Christie's next release in the spring of 1966, "Rhapsody in the Rain", featured a melody inspired by Tchaikovsky's "Romeo and Juliet", telling of a teenager's memory of his sexual experience in the back seat of a car during a rainstorm as the windshield wipers made a rhythmic sound of "together, together". Later, after the romance ends, the wipers seem to say "never, never". Many radio stations banned the song after hearing the opening lyrics:

Baby, the raindrops play for me
Our lovely rhapsody, 'cause on our first date
We were makin' out in the rain.
And in this car, our love went much too far
It was exciting as thunder
Tonight I wonder, where you are?

MGM insisted on a re-recorded version that toned down the lyrics.
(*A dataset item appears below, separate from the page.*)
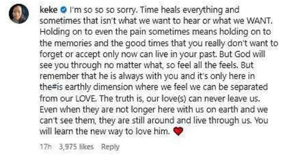 Her latest post has, however, caught the global attention of American actress Keke Palmer, who took to the comments to offer Bragga support and words of wisdom.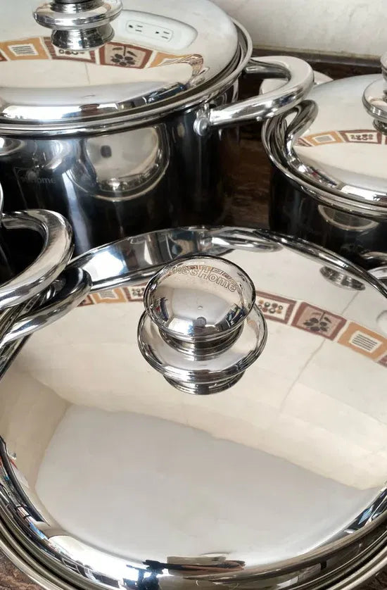 El conjunto está fabricado en acero inoxidable de grado quirúrgico, un material premium de alta calidad, resistente a la corrosión, duradero y seguro para el contacto con alimentos. Garantiza una cocción uniforme y preserva los nutrientes de los ingredientes, ideal para el uso diario en la cocina.

The third and fourth lines were changed to:

We fell in love in the rain
And in this car, love came like a falling star

Despite the edited version, many radio stations instead played two older songs re-released by other labels for which Christie had once recorded: "Outside the Gates of Heaven" (on Co & Ce Records) peaked at No. 45, while "Big Time" (on Colpix Records) hit No. 95. All three singles hit nationally within three weeks of one another, in March 1966, while "Lightnin' Strikes" was falling down the chart. After his follow-up "Painter" peaked at No. 81, Christie's later records for MGM, including "If My Car Could Only Talk" arranged and produced by Jack Nitzsche, failed to chart.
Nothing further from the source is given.